Contreras Diana, Wilkinson Sean, Alterman Evangeline, Hervás Javier
Centre for Resilience and Environmental Change (CHANGING), School of Earth and Environmental Sciences, College of Physical Sciences and Engineering, Cardiff University, Main Building, Park Place, Cardiff, CF10 3AT UK.
Learning from Earthquakes (LfE), School of Engineering, Faculty of Science, Agriculture and Engineering, Newcastle University, 2nd Floor Drummond Building, Newcastle, NE1 7RU UK.
Nat Hazards (Dordr). 2022;113(1):403-421. doi: 10.1007/s11069-022-05307-w. Epub 2022 Mar 23.

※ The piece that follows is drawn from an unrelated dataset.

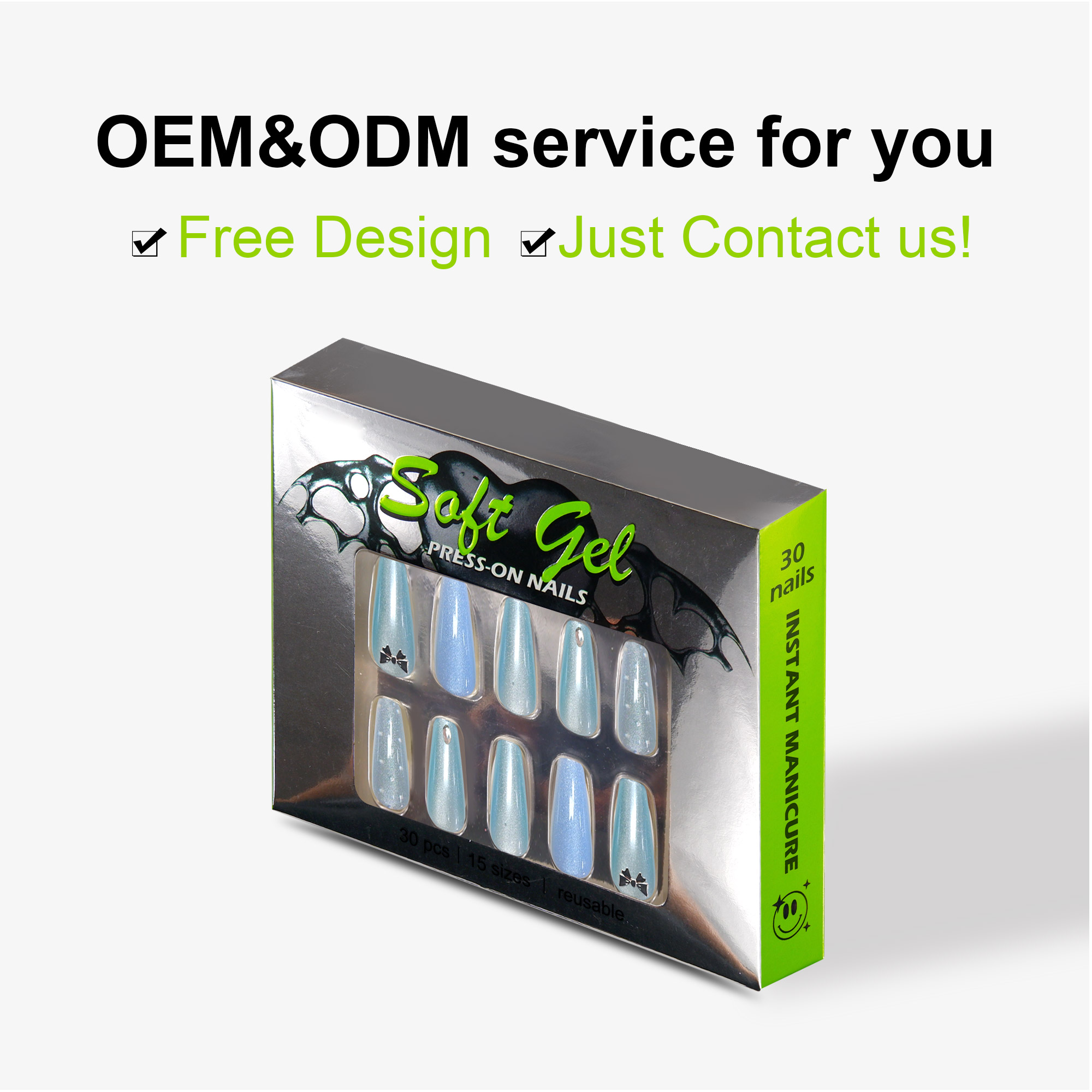 PackageIncluding: 30pcs nails + 30pcs glue stickers/nail glue+alcohol pad+stick+nail file.

Traditionally, earthquake impact assessments have been made via fieldwork by non-governmental organisations (NGO's) sponsored data collection; however, this approach is time-consuming, expensive and often limited. Recently, social media (SM) has become a valuable tool for quickly collecting large amounts of first-hand data after a disaster and shows great potential for decision-making. Nevertheless, extracting meaningful information from SM is an ongoing area of research. This paper tests the accuracy of the pre-trained sentiment analysis (SA) model developed by the no-code machine learning platform MonkeyLearn using the text data related to the emergency response and early recovery phase of the three major earthquakes that struck Albania on the 26th November 2019. These events caused 51 deaths, 3000 injuries and extensive damage. We obtained 695 tweets with the hashtags: #Albania #AlbanianEarthquake, and #albanianearthquake from the 26th November 2019 to the 3rd February 2020. We used these data to test the accuracy of the pre-trained SA classification model developed by MonkeyLearn to identify polarity in text data. This test explores the feasibility to automate the classification process to extract meaningful information from text data from SM in real-time in the future. We tested the no-code machine learning platform's performance using a confusion matrix. We obtained an overall accuracy (ACC) of 63% and a misclassification rate of 37%. We conclude that the ACC of the unsupervised classification is sufficient for a preliminary assessment, but further research is needed to determine if the accuracy is improved by customising the training model of the machine learning platform.
传统上,地震影响评估是由非政府组织(NGO)通过实地考察赞助的数据收集来进行的;然而,这种方法耗时、昂贵且往往具有局限性。最近,社交媒体(SM)已成为灾难后快速收集大量第一手数据的宝贵工具,并在决策方面显示出巨大潜力。尽管如此,从社交媒体中提取有意义的信息仍是一个正在进行研究的领域。本文使用与2019年11月26日阿尔巴尼亚发生的三次大地震的应急响应和早期恢复阶段相关的文本数据,测试了无代码机器学习平台MonkeyLearn开发的预训练情感分析(SA)模型的准确性。这些地震造成51人死亡、3000人受伤和广泛破坏。我们从2019年11月26日至2020年2月3日获取了695条带有#阿尔巴尼亚#阿尔巴尼亚地震和#阿尔巴尼亚地震标签的推文。我们使用这些数据来测试MonkeyLearn开发的预训练SA分类模型在文本数据中识别极性的准确性。该测试探索了未来实时从社交媒体文本数据中自动分类过程以提取有意义信息的可行性。我们使用混淆矩阵测试了无代码机器学习平台的性能。我们获得了63%的总体准确率(ACC)和37%的误分类率。我们得出结论,无监督分类的ACC足以进行初步评估,但需要进一步研究以确定通过定制机器学习平台的训练模型是否能提高准确性。